The sun blazed down on me through the windshield, practically blinding me. Five Directions was on the radio while I was driving through the amazing Chicago suburbs to visit my estranged uncle. My parents had warned me not to visit him, but I didn’t care. 

The car was a mess of fast food wrappers after I’d eaten McDonald’s for breakfast, lunch, and dinner. My parents weren’t gonna be happy when I got back (I had stolen the car from them). I also brought my mom’s cat, in case I got lonely. He kept me company on those long nights driving through the countryside. His green eyes filled with wonder every time he saw a sheep, though I could do without the mass amounts of black fur that now lined the seats. The joys of the American West. 

Driving was still something I wanted to get used to, after only having gotten my license last month. And now I was driving away and finally tasting freedom! My parents and I hadn’t been getting along lately, which was why I was running off to my uncle. 

I didn’t say why I wasn’t allowed to visit my uncle. I had actually seen him a few times when I was younger, and I only just realized that some of those times he had been drunk. But that isn’t why. My mom had turned on my uncle after the fight of ‘99, and we’d moved to Nevada right after. He’d been banned from seeing us again. Then impulsively, a few weeks ago, I’d looked up his name online and saw that he now made a living fixing old machine parts and tinkering with cars and the like. He had set up a good business. Maybe he could take me on as his apprentice or something. 

I had never been to Chicago before, much less its suburbs. Maybe we could go to Subway or something and he could show me some good restaurants. Also, I was getting tired of McBurgers. 

I knew his address from the Christmas card he’d sent me when I was seven. The card was next to me on the passenger seat. Sparkly reindeer and trees depositing glitter decorated throughout the cover reflected the sun’s light and caused my eyes true, crippling agony when I looked down at it to confirm the address. I still remembered what his house looked like after all these years. It was white with a red roof and a red door—the standard house in a suburban neighbourhood. I parked right in the middle of his driveway in front of the garage door, double checked the address on the card, and sighed loud enough to make the cat JUMP and hit the roof of the car. I got out of the car and walked up the steps to the front door with the cat. 

I rang the doorbell, and the guy who answered the door looked slightly familiar. Also, he was holding a bottle of wine. That made sense, it was Friday night. Would he be the kind of chill uncle who would pour me a cup or let me have a sip? 

“I’m not interested in any Jesus pamphlets or finding God’s lo—” He sighed before looking up at me. He instantly scowled. “What are you doing here?” he said. “What do you want? Are you selling Girl Scout cookies?”   

“Ugh, please. I’m your niece.” Uncle Hob never really had a good memory. Carl (the cat) started to meow. 

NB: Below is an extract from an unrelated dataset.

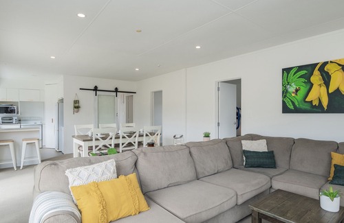 The spacious set-up at this Whiritoa holiday home allows ample room for family and friends to relax and unwind. Enjoy simplicity, relaxation and carefree living with modern comforts in a classic beachside bach... Whiritoa's Hidden Gem welcomes you!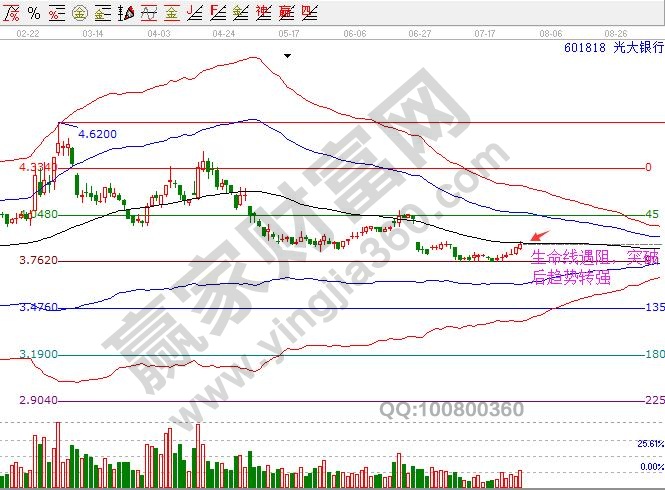 中光大銀行成立于1992年6月18日,在1997年改制成為了股份制有限公司,為客戶提供全面的商業銀行產品與服務。自成立以來,伴隨著中國金融業的發展進程,中國光大銀行不斷開拓創新,銳意進取,在為社會提供優質金融服務的同時,取得了良好的經營業績,在綜合經營、公司業務、國際業務、理財業務、電子銀行業務等方面培育了較強的比較競爭優勢,基本形成了各主要業務條線均衡發展、零售業務貢獻度不斷提升、風險管理逐步完善、創新能力日益增強的經營格局。2010年8月18日,中國光大銀行A股成功上市,迎來又一個嶄新的發展階段。在A股重光大銀行股票代碼出現,為601818。下圖為現在光大銀行現在的技術走勢分析圖,使用的是贏家江恩軟件再現分析方法的圖形,僅供參考,不構成任何投資建議。

“Rhonda? Really?” He squinted and leaned closer to me. Then he grabbed my arm and pulled me inside. His house had the bare necessities: one chesterfield, a table, an old boxy television in the corner. Boxes of yellowed newspapers gave the room a crowded feel. He looked me up and down, and like a hawk to a rabbit, he narrowed in on the cat. 

“I see you still have the cat,” he said sourly. “Your mom can’t bear to part with it? Whatever. Want to see what I’m working on, Rhonda?” 

My name wasn’t actually Rhonda. That was my sister’s name.

He pulled me by the arm again and led me down the stairs to the basement. There was a bare lightbulb hanging from the ceiling, and the basement was unfinished. I couldn’t believe how cluttered and busy it looked. A huge work table lined the wall, and it was covered with small machines, sheets of metal, stray nuts and bolts, and a bandsaw. Handsaws hung on the walls, and bigger machines were scattered around the room. Boxes filled with spare parts and an assortment of random items, like parts of a clock and batteries, covered the floor. An old toolbox sat in the far corner of the room next to a big, tall object covered in an oil stained sheet.  It seemed like my uncle’s workspace was pretty well made. He’d clearly made a space for himself doing…whatever he did down here. Fixing things, probably. It was a good place to hide drugs.

My uncle went over to the corner and picked up his rusty toolbox. He took off the oil stained sheet and revealed a big metal structure. It was slightly curved, had a dome on top, and was as tall as me.

“Look at this, Rhonda!” He slapped his hand heavily on top of it, then quickly took it away and inspected the part where he’d struck it. “Better not do that. I don’t want to leave dents. But don’t you think it’s so beautiful? And so big?” He took a sip from the bottle of wine that he was still holding. “This has some family history, you know. I think my great-great-grandfather brought it over with him when he was immigrating here from Mars. This is a family relic, a remnant of our family roots.” 

“Can I have some wine?” I said. 

“Here, I’ll show you what it does.” He flipped a switch on the machine, and the machine started making a clunking noise. I stood back and let it do its thing. With a whirr and a few sparks, a strange, blue-coloured light was projected out of the top of the dome. After a few seconds I realized the light was forming an image of the globe—a translucent image, for you could see straight through to the wall on the other side. 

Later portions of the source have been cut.